Al escuchar aquellas dos palabras, a todos nos dio un vuelco el corazón. A Eisi se le derramó el barraquito que se estaba tomando y fue a parar sobre una de las pelusas que había iniciado la ronda de tarde. Terminó ahogada entre leche condensada y cafeína. Sin pensarlo dos veces, nos lanzamos a la calle para ver a nuestra desaparecida.
-Pero, mujer, si esa es Cuqui, la de la pescadería -dijo la Padilla.
-No. Esa no. Ahí -apuntó Carmela hacia una paloma.
-¿Estás vacilando? -se quejó Eisi, que no podía quitarse de la mente el saborcito fallido de su barraquito.
-Les juro que es ella. Solo basta con mirarle a los ojos.
A pesar de que nos parecía una auténtica estupidez lo que estaba diciendo Carmela, miramos a aquella paloma buchona y, efectivamente, era doña Monsi. No solo lo delataba su mirada, sino un pequeño lunar en la mejilla derecha y la diminuta nubecilla a modo de pelo en la cresta.

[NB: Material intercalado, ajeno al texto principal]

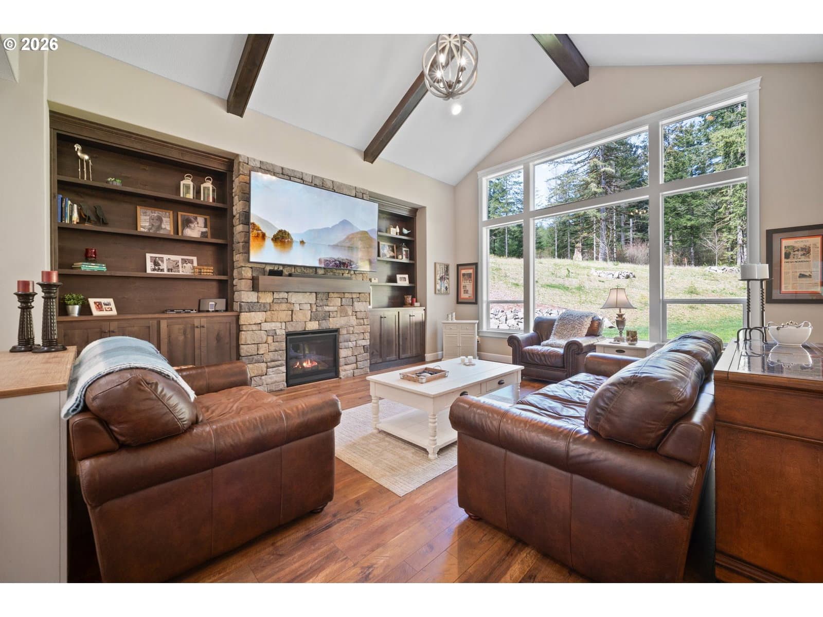 Set on 3.18 acres in a quiet, gated community, this 3,172 sq ft home offers the kind of space and privacy that’s getting harder to find, paired with a layout that just makes sense. With single-level living at its core, the main floor includes a spacious primary suite, dedicated office with custom built-ins, and open living areas designed for everyday comfort. Vaulted ceilings and large windows bring in natural light and frame the surrounding wooded setting, while the stone fireplace anchors the main living space. The kitchen is set up for both daily use and hosting, with a large island, double ovens, and plenty of storage. Outside, the property really opens up; over three acres to enjoy, with room to spread out and unwind. The shop adds serious flexibility for projects, storage, or hobbies, with potential for future ADU conversion depending on your needs. If you’re looking for privacy, usable acreage, and a home that lives comfortably day-to-day with room to grow, this one delivers.
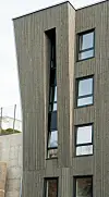 – På en relativ smal tomt med store terrengforskjeller har vi ved å modellere bygget med skrå yttervegger fått til et romslig og positivt utfordrende romforløp. De tre byggene fremstår som ett bygg med moderne formspråk og særpreg. Dette er bygg som er inspirert fra tradisjonelle sjøhus langs kysten, og gir en god tilpassing til beliggenheten på kaikanten. Byggene har tre-
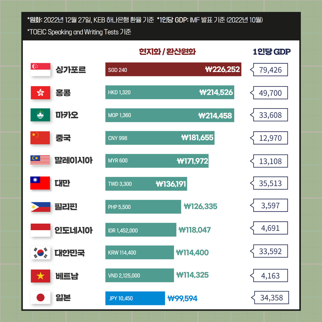 다른 나라의 토익 응시료는 얼마? TOEIC 시행 주요 국가별 응시료 현황 (2022년 12월)
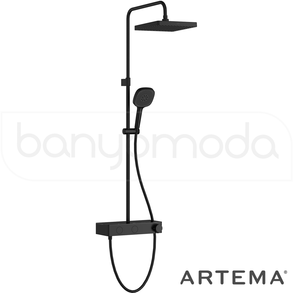 Artema Core Square 250 Duş Kolonu ve Termostatik Duş Bataryası Sistemi, Mat Siyah - A4731236
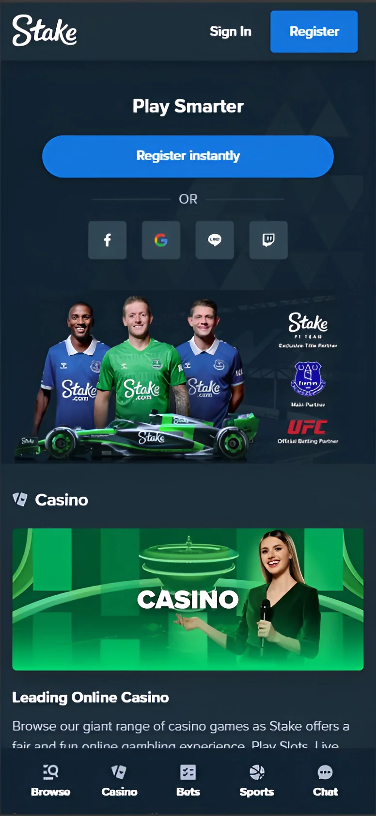 Once you finalise the installation step, you can start to use the Stake app. No matter if you are interested in betting or gambling, the following steps should be taken:
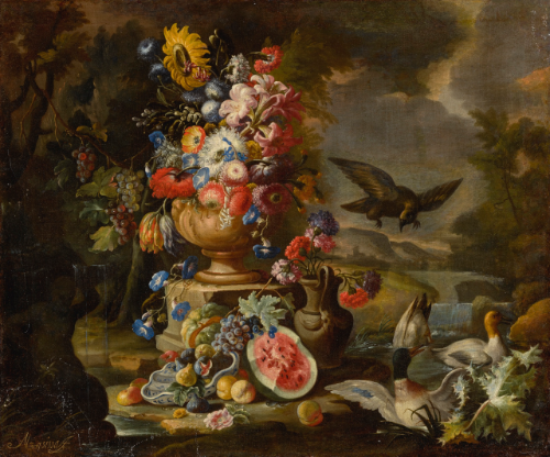 | A STILL LIFE WITH A VASE OF FLOWER, BIRDS, A WATERMELON, PEACHES, GAPES, AND OTHER FRUIT IN AN OUTDOOR SETTING | |
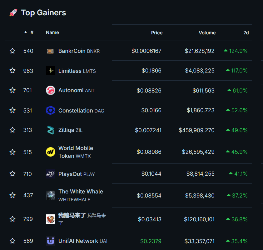 Top 10 Best Performing Tokens in the Last 7 Days:
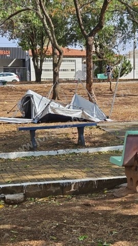 A fraca chuva acompanhada de fortes ventos aconteceu por volta das 14:30 Horas e fez estrago em diversos locais.

-Ay, ay, ay... -gimió María Victoria.
-Pero ¿y cómo se ha podido meter ahí dentro? -dijo la Padilla pensando en las caderas de doña Monsi.
-Pobrecilla, debe estar hambrienta. Voy a buscar unas miguitas de pan -propuso Brígida.
-¡Quieta! Si nos ve el alcalde se monta una buena. Está prohibido dar de comer a las palomas -recordó Eisi.
Para evitar que en el barrio se enteraran de lo que había pasado, decidimos que lo mejor era meter a doña Monsi en el edificio. No fue complicado. Solo tuvimos que abrir la puerta de entrada y, cuando vio el tremendo desaguisado de pelusas campando a sus anchas, apretó el pico enfadada y, de un impulso, entró volando. Allí, en medio del portal, se quedó mirándonos y gorjeando de forma disparatada.
-Nunca la había visto así -temió la Padilla.
-Sí, niña. El buche ese ya lo tenía -dijo Carmela.
En ese momento, doña Monsi levantó el vuelo y se puso a revolotear por encima de nuestras cabezas.
-¡A cubierto! -gritó Carmela-. Se puede cagar en nosotros.
-¿Qué te crees que está haciendo? En nosotros y en nuestras familias.
En un despiste, aprovechamos para refugiamos en el hueco de los buzones. Allí, apretados pero con nuestras cabezas a resguardo, Eisi comentó que era importante averiguar cómo había llegado a convertirse en una paloma buchona porque, solo así, podríamos buscar el remedio para devolverle a la normalidad, teniendo claro que lo de la presidenta nunca ha sido normal.
-No me extraña que alguien haya hecho brujería con ella -apuntó Carmela.
Por suerte, a las ocho y media de la noche, como acostumbraba cuando era una persona, la buchona se fue a dormir. A Brígida le dio pena y le preparó una latita de galletas vacía a modo de cama.
-¿De qué podemos rellenarla? -preguntó.
-De pelusas -propuso Carmela, mientras le daba un "fregonazo" a dos de ellas que salían del ascensor, como Pedro por su casa.
Por la mañana temprano, Eisi nos avisó a todos. Se había pasado la noche inspeccionando el piso de doña Monsi en busca de alguna pista que nos ayudara a descubrir el porqué de su conversión en paloma.
-Ha sido magia.
-¿Negra? -preguntó María Victoria.
-No. Borrás. He descubierto una caja debajo de su cama y un sombrero de copa al lado.
-¡Madre del amor hermoso! ¿Y ahora? ¿Podemos volver a convertirla en doña Monsi? -preguntó Brígida.
-Lo veo difícil. Las instrucciones han desaparecido.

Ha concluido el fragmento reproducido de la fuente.